PromART. La pittura di Dana Constantin

L’attività artistica di Dana Constantin può essere decifrata sotto il segno di un’abile strategia di «riabilitazione» della pittura tra «faire» e «magie», per riprendere la famosa frase di Diderot. Provando ad analizzare le coordinate fondamentali della sua biografia artistica, ho scoperto un percorso coerente, caratterizzato da semplificazione, approfondimento ed essenzialità. Il disordine delle forme naturali è stato gradualmente sottoposto a un’operazione di purificazione e concentrazione sui mezzi fondamentali della pittura: il punto, la linea, il colore (o, più esattamente, la superficie ricoperta da colori).

Cosa ci propone Dana Constantin nelle sue serie visuali?

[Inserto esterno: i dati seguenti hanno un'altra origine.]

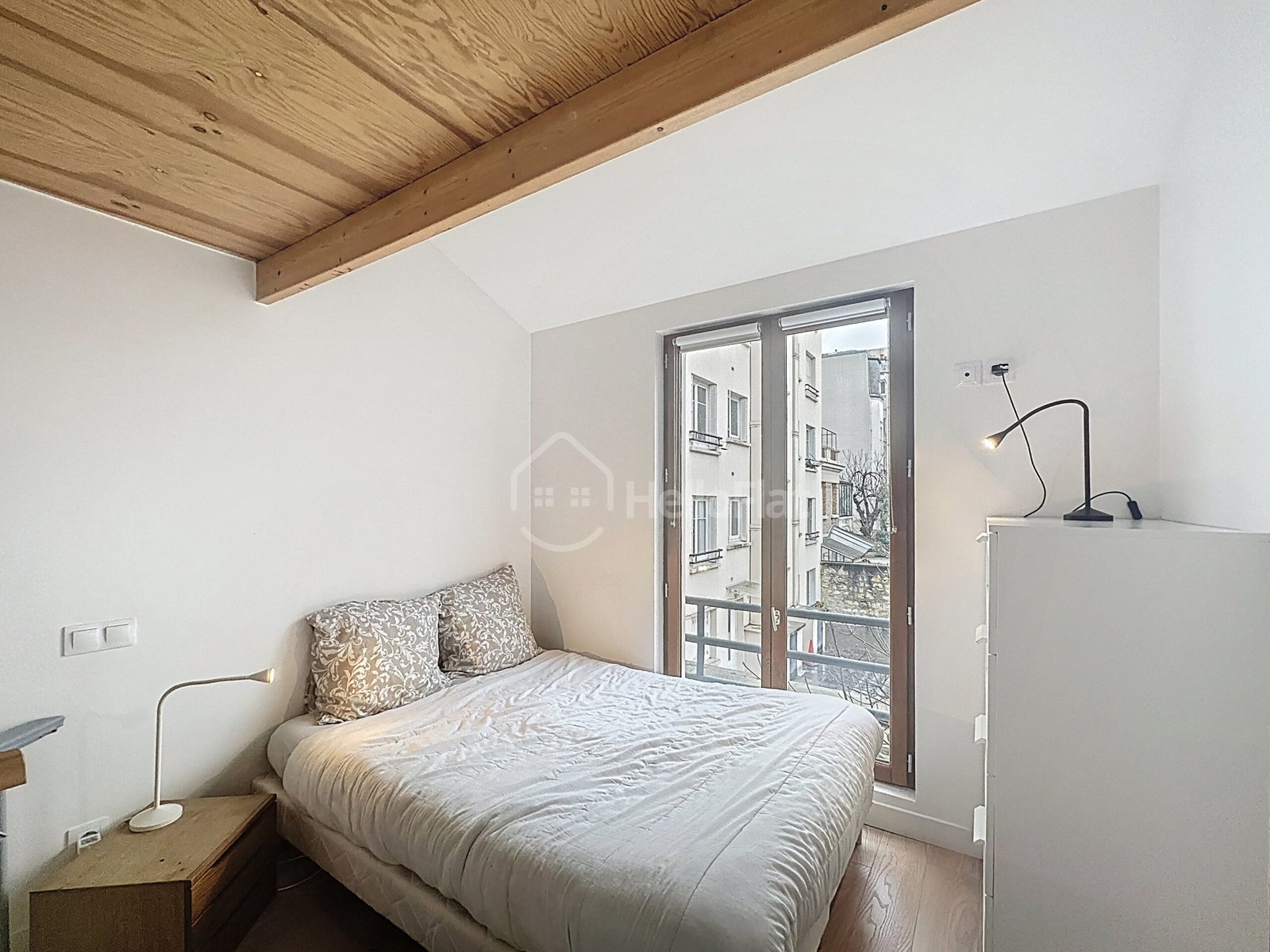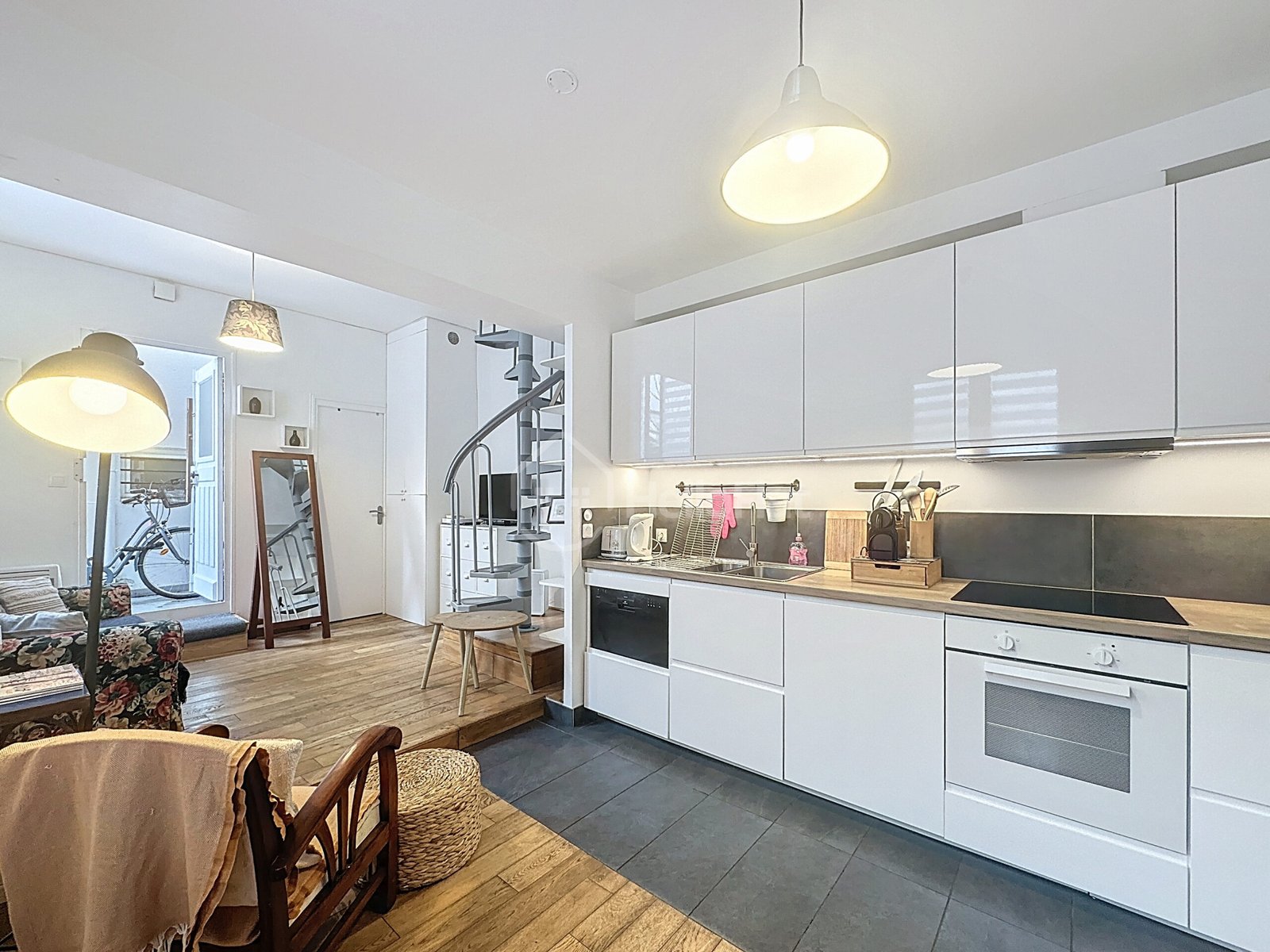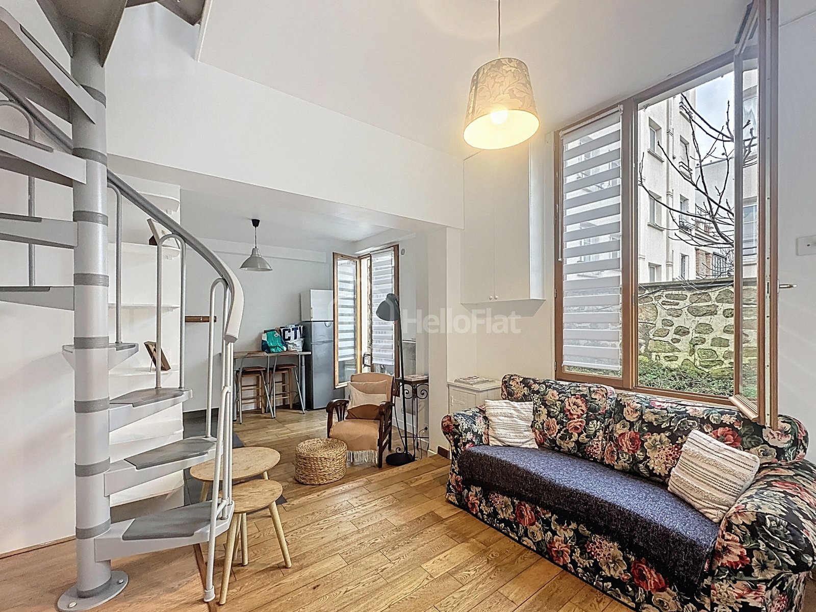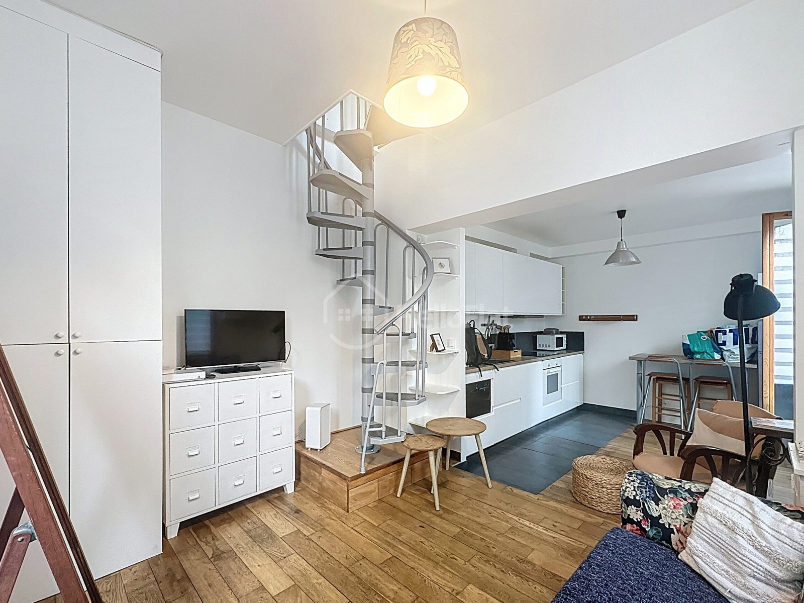 Un escalier en colimaçon mène à l’étage où se trouve l’espace nuit, comprenant une chambre confortable avec lit double et rangements.
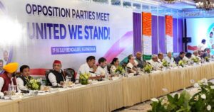 कांग्रेस महासचिव राहुल गांधी ने कहा-‘देश का पूरा धन चुने हुए लोगों के हाथ में जा रहा है। ये लड़ाई और विपक्ष और बीजेपी के बीच में नहीं है। देश की आवाज को दबाया और कुचला जा रहा है। इसलिए ये नाम चुना गया। लड़ाई ‘एनडीए’ और ‘इंडिया’ के बीच में है, नरेंद्र मोदी और इंडिया के बीच में है। यह लड़ाई उनकी विचारधारा और ‘इंडिया’ के बीच है। जो भी देश की विचारधारा के सामने खड़ा होता है हमेशा उसकी हार होती है। हम एक साथ मिलकर देश में अपनी विचारधारा के बारे में बताएंगे।
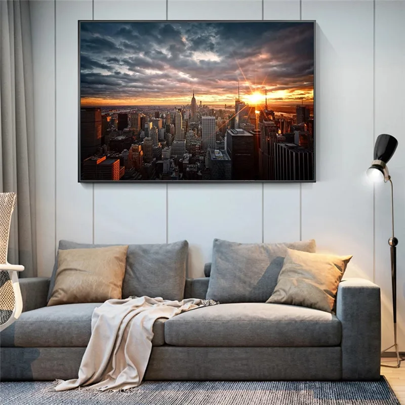 Картины на холсте с изображением заката Нью-Йорка, плакаты и принты на стену Манхэттена, картина для гостиной, офиса, картины без рамки
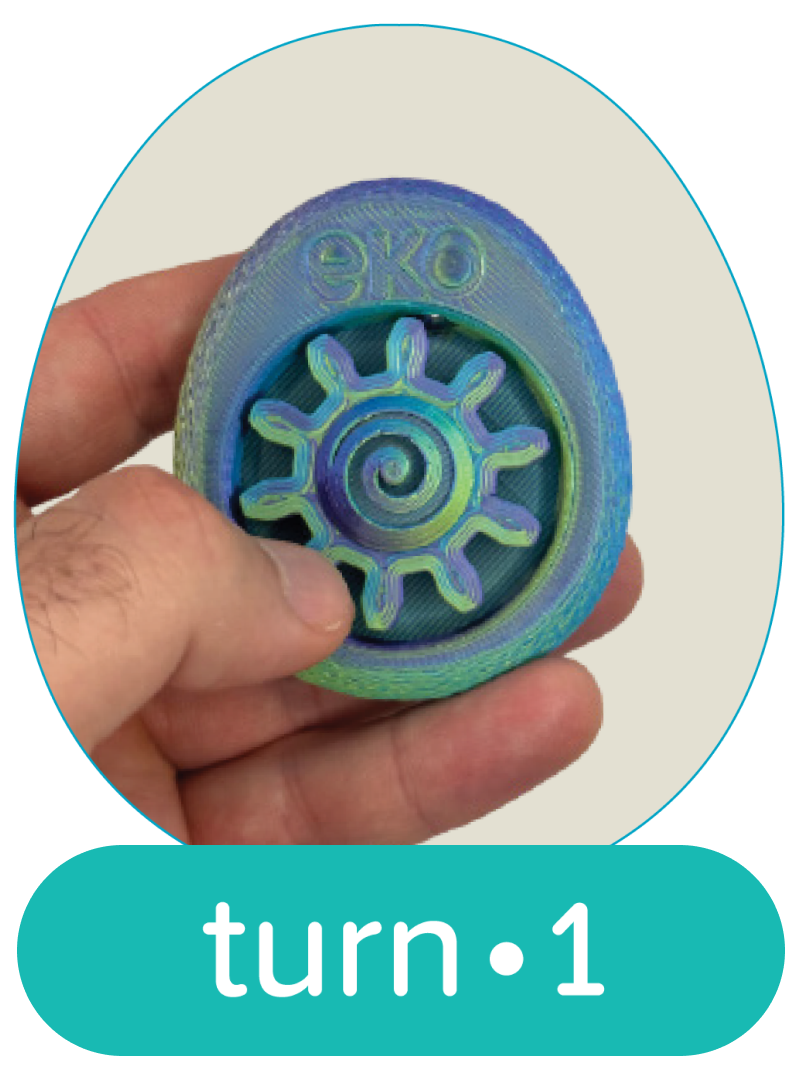 how to twirl - place the eko base in the palm of your hand with the word ‘eko’ facing downwards. Place the flat side of the gear on the bottom of the base. Start twirling!
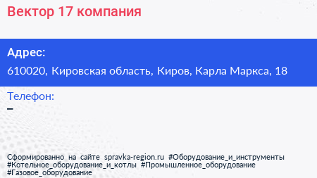 Вектор-17, компания по адресу 610020, Кировская область, Киров, Карла Маркса, 18 в дальнейшем Организация, размещена в следующих категориях:
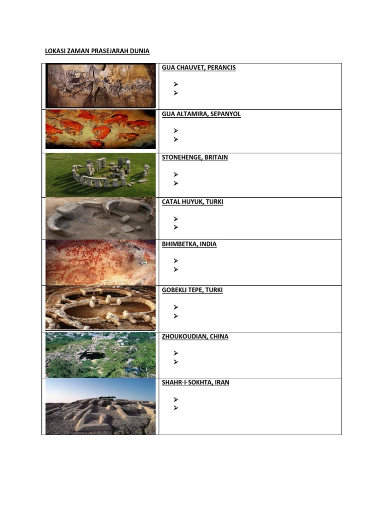 Peta Lokasi Zaman Prasejarah Di Seluruh Dunia
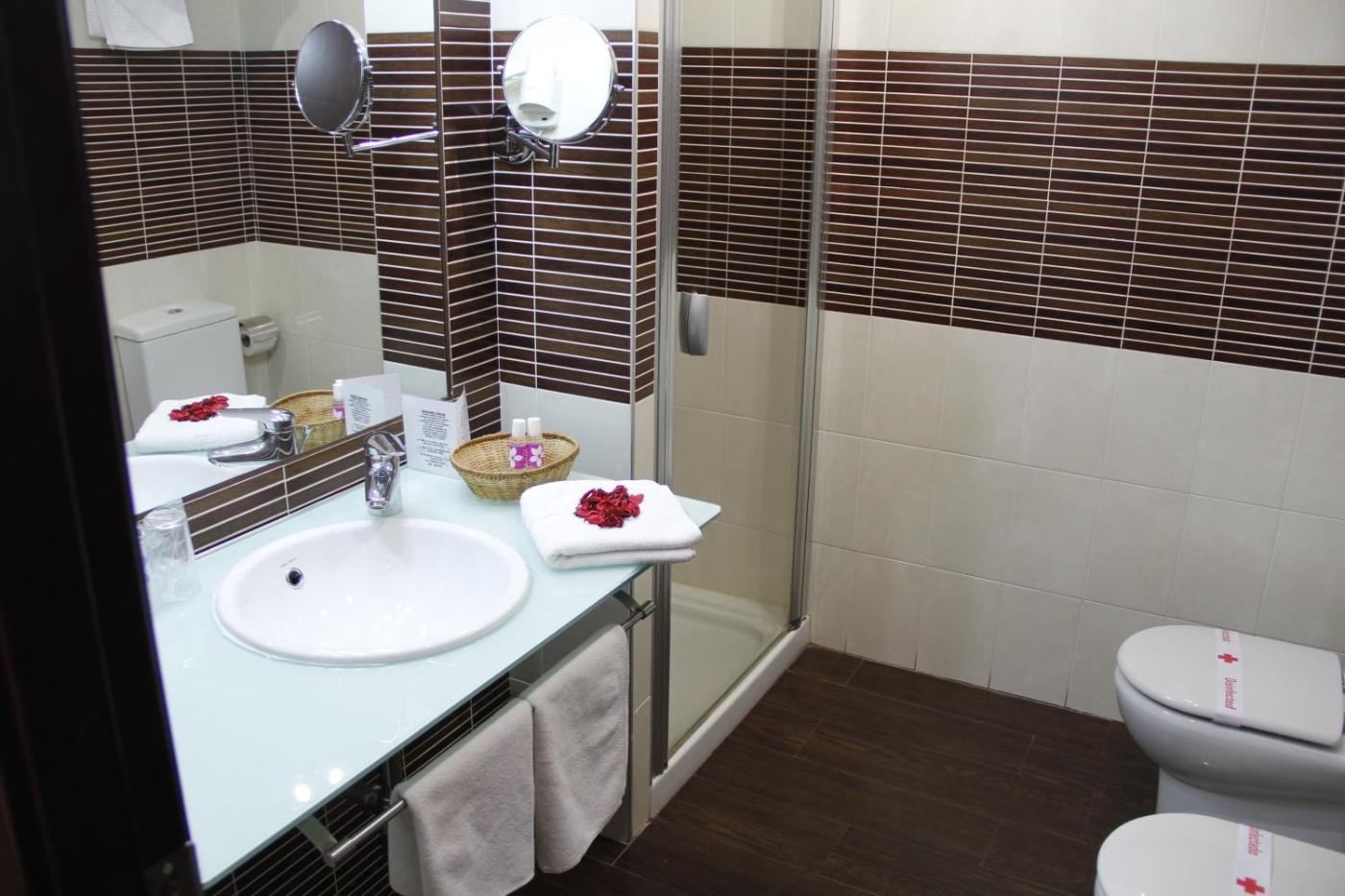 Habitación Doble adaptada para personas con discapacidad - 2 camas. Esta habitación doble dispone de 2 camas individuales y baño privado con artÃculos de aseo gratuitos, ducha a ras de suelo, bidé y secador de pelo. Esta habitación con 2 camas individuales tiene aire acondicionado, TV de pantalla plana, armario, caja fuerte y suelo de parquet. El alojamiento incluye 2 camas.
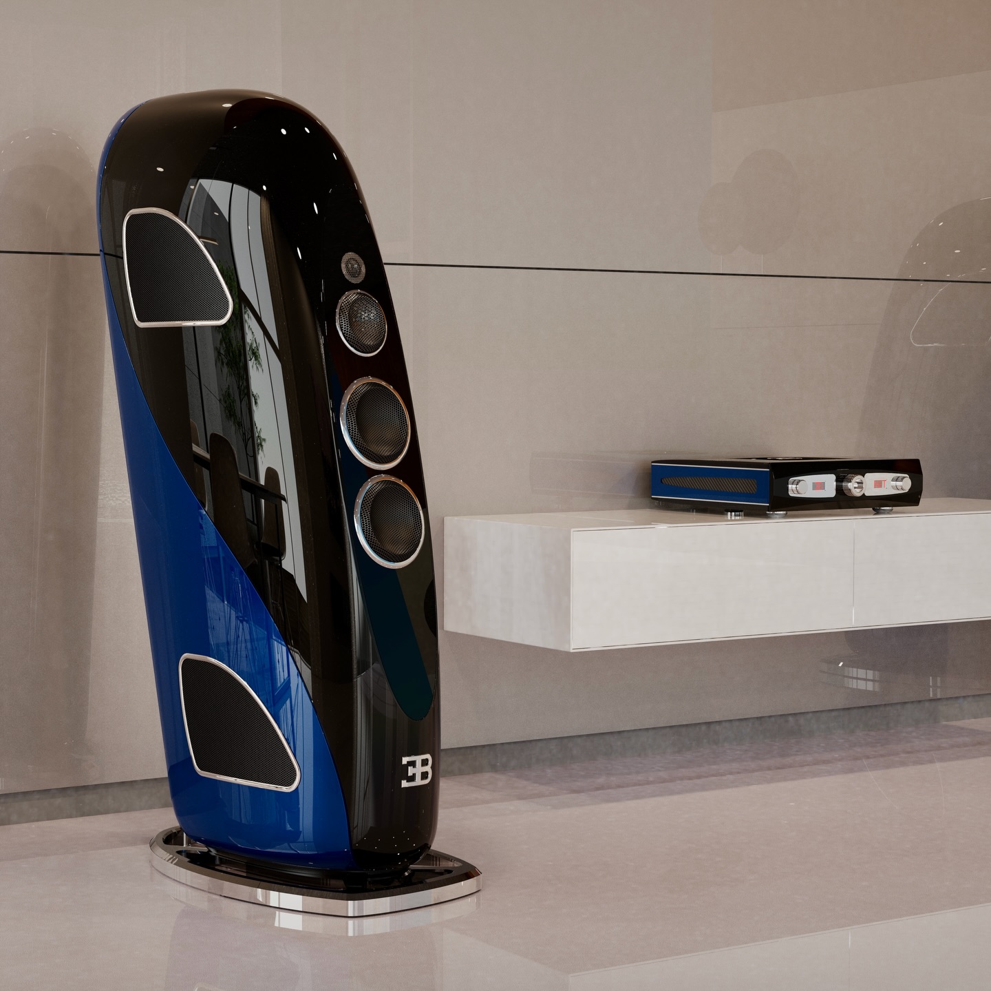 High-gloss Piano Black and striking Stardust Blue at the rear meet an anthracite metal front housing the unique diamond drivers — perfect sound dressed in elegant contrasts.

La risposta mi sembra evidente: un attento esercizio dell’occhio, che può condurre a quella «emissione dell’occhio», di cui scriveva Ștefan Augustin Doinaș: «guardo con il fuoco e la strada/improvvisamente prende fuoco/imploro con gli occhi la cenere/ritorna ad essere strada». Se proviamo a seguire la lezione del poeta e guardiamo con attenzione, vediamo strati distinti di materia pittorica sistemati con virtuosità, che creano voile/veli che conferiscono trasparenza all’ombra. Così, ciò che sembra solo nero – o blu – risulta essere un’intera gamma di sfumature. Lo sguardo dello spettatore diventa più profondo, entra nell’universo del quadro, ripercorrendo a ritroso la strada dell’artista; gli strati/i veli si fanno da parte, fino ad arrivare al nucleo opaco della materia pittorica. Per la pittrice, sembra essere fondamentale «ridare l’espressione pura dello spazio pittorico rappresentato dalla monocromia, che riscopre le certezze della simmetria/asimmetria in opposizione con l’imprevedibile divenire della macchia».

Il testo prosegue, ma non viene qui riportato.